Climate change and globalisation are accelerating the spread of species outside their natural habitat. This is the case of hymenopterans from Asia that are spreading to other continents, whose bites on people are associated with acute kidney diseases. Spanish scientists want to raise awareness of their health consequences.
Intense pain, swelling and reddening of the skin is what causes a common wasp sting. However, the reaction intensifies when it is the one of the Asian wasp, whose sting is similar to that of a large pin, causing acute pain, and later a strong stinging, similar to a burn. The more widespread skin inflammation and pain lasts for about 24 hours.
These insects, which originate from the Asian continent, are spreading to other regions due to the climate crisis or globalisation. The Asian giant hornet (Vespa mandarinia) is making its way to America, and the Asian wasp (Vespa velutina) and the Oriental hornet (Vespa orientalis) to Europe. The latter has been known to be present in Cádiz, Spain, since 2012.
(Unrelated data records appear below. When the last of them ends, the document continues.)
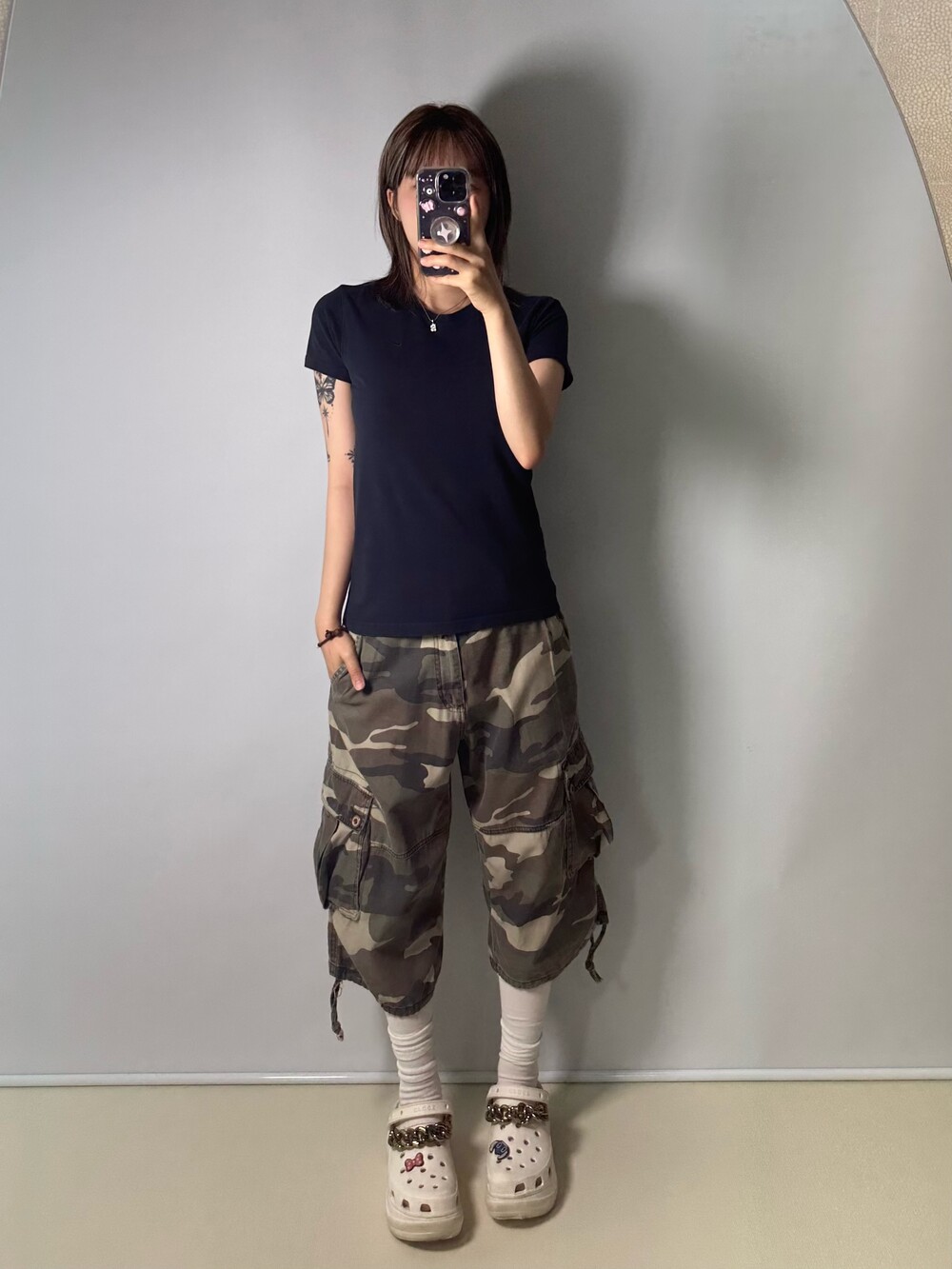 •긴 기장감이라 루즈하게 착용하기 좋은 카모카고팬츠에요! 가을까지 주구장창 입어주시기 좋은 아이템이라고 생각해요 :)
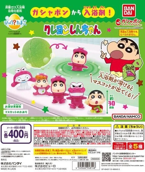 日本萬代玩具公司轉蛋事業部「GASHAPON」旗下將轉蛋與泡澡球結合的全新「驚奇蛋(びっくらたまご,暫譯)」系列,將以《蠟筆小新》為主題推出第一彈「蠟筆小新 驚奇蛋」轉蛋!一共有 5 種款式,每轉參考售價為 400 日圓,於 2023 年 03 月下旬發售。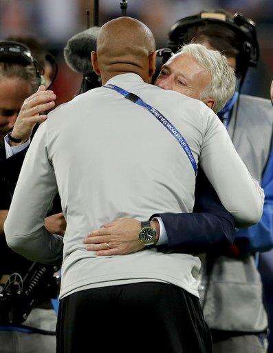 France coach Didier Deschamps warmly hugged Thierry Henry moments before the start. Henry is France's all-time leading scorer with 51 goals, but is now an assistant to Belgium coach Robert Martinez. Henry also greeted players on France's bench.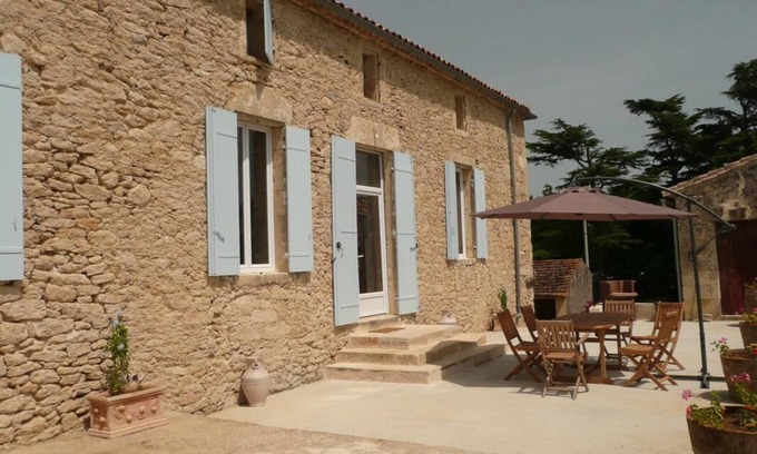 Situated in the middle of Bordeaux's vineyard right in the heart of Dordogne's valley, this house has been entirely renovated and diviided into 2 holiday rentals. It enjoys a big terrace with a view over the surrounding countryside. Access to your rental and terrace via a lovely stone staircase. Ground floor : spacious open plan living/dining room, fully fitted kitchen, wc. Upper floor¨(spiral staircase) : relaxing area, 2 bedrooms with en suite bathroom/wc, 1 bedroom with en suite shower room/wc (2 double beds and 2 single beds). House linen include for week stays (to rent for short stays). Domestic animals accepted with a deposit. Electrical heating. House cleaning in option. Wifi available.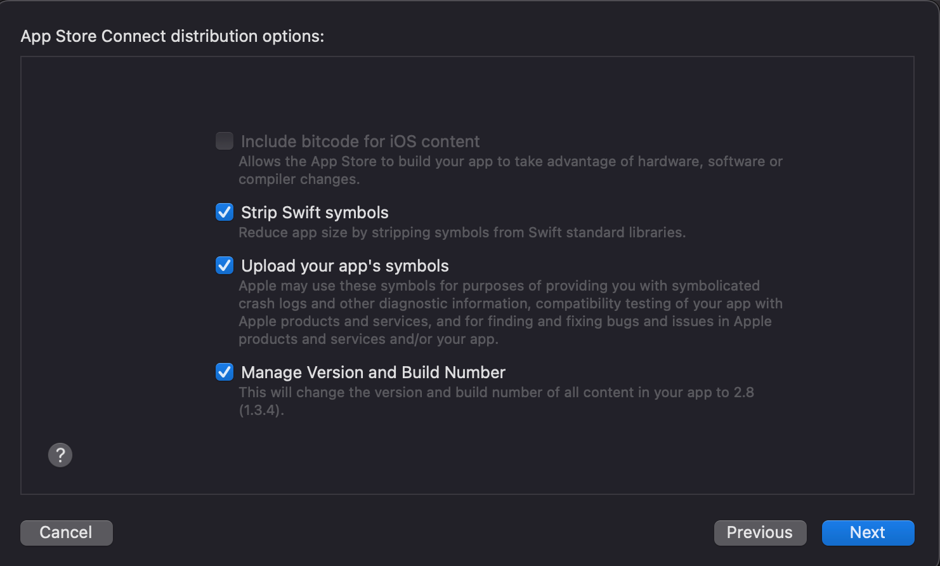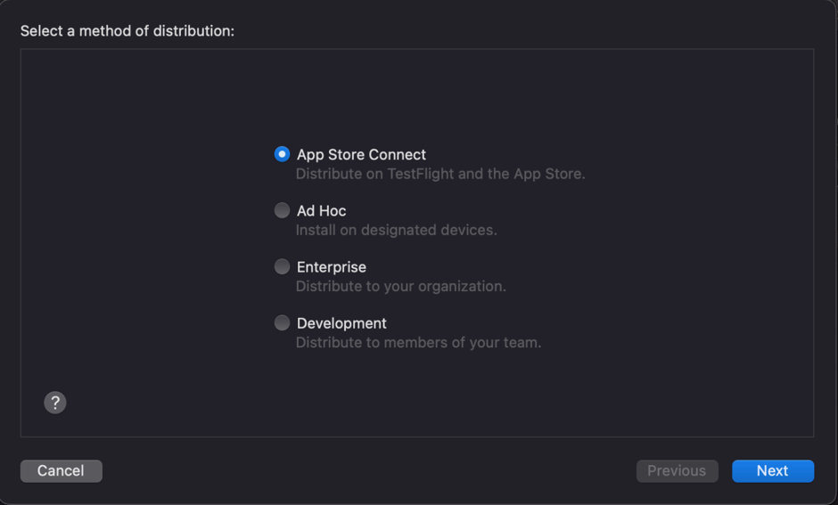 Tip: For detailed overview of the signing options, have a look at the Distribution signing options guide.

In their countries of origin, experts had already documented and associated, in addition to the reaction of the sting itself, other health effects, such as acute renal failure. “The literature on wasps and acute renal failure is scarce and mostly from Asia, so nephrologists outside Asia are not familiar with this health problem,” explains Alberto Ortiz, a researcher at the Fundación Jiménez Díaz and co-author of an editorial in the Clinical Kidney Journal.
According to the authors, although this complication has probably been present for millennia, existing health reports on the association between Asian wasp stings and kidney failure are relatively recent. In fact, the first one was made in Thailand in 1972, and since then most of them have been from Asia. As of January 2022, the databases contained 73 reports from 19 countries, 15 of them in Asia.
“Nephrologists in Europe and North America may not be aware of a health problem that is increasingly recognised,” says Sol Carriazo, a researcher in the Department of Medicine at the Autonomous University of Madrid and co-author of the commentary. On both continents, the toxicity of native wasps is lower than that of Asian wasps.
Avispa asiática en Portugal. / Charles J. Sharp
However, what does reach the experts is the news about these invasive species and the social alarm created through the media. V. mandarinia has been detected since 2019 in western British Columbia (Canada) and Washington State (USA), and is a problem for bees and humans.
“In Europe, V. velutina arrived in Bordeaux, France, in 2005 and has since spread to Italy, Germany, Belgium, the Netherlands, the UK, Spain and Portugal, where it kills honey bees. Both species can induce acute kidney damage or be lethal in humans," says Ortiz. In addition, the black shield wasp (V. bicolor), native to China, and the oriental hornet (V. orientalis) have also been detected in Spain.
According to a study, carried out by Chinese researchers at the Suining Central Hospital from the analysis of 1,131 patients with wasp stings, the Asian giant hornet and the Asian wasp were among those causing the most hospitalisations, although most cases were caused by the black-tailed hornet (V. basalis).
The hospital established a protocol with anti-allergic or anti-shock treatment; local treatment (removal of stings, local dexamethasone and lidocaine); elimination of toxins and prevention of acute kidney injury caused by rhabdomyolysis and haemolysis; analgesia and tetanus antitoxin. In severe patients with multiple stings, they used continuous venous haemofiltration, haemoperfusion or plasma exchange to improve prognosis with the aim of expelling toxins that could lead to organ failure.
To reduce mortality in the most severe cases, the scientists applied a wasp sting severity assessment or index to 153 patients in 2020 based on the observation of four aspects: tea-coloured urine, number of stings, lactate dehydrogenase -an enzyme found in different tissues of the body- and total bilirubin.
If the severity index results are equal to or greater than three, experts suggest the need for an early plasma exchange (within 24 hours of the sting). However, under these same conditions, they do not consider continuous venovenous haemofiltration and haemoperfusion to reduce mortality.
Although this methodology still requires external validation, the authors suggest that the information it provides could serve as a guide to action and raise awareness of the effects of these attacks.
Sol Carriazo et al. “Wasp stings and plasma Exchange” Clinical Kidney Journal.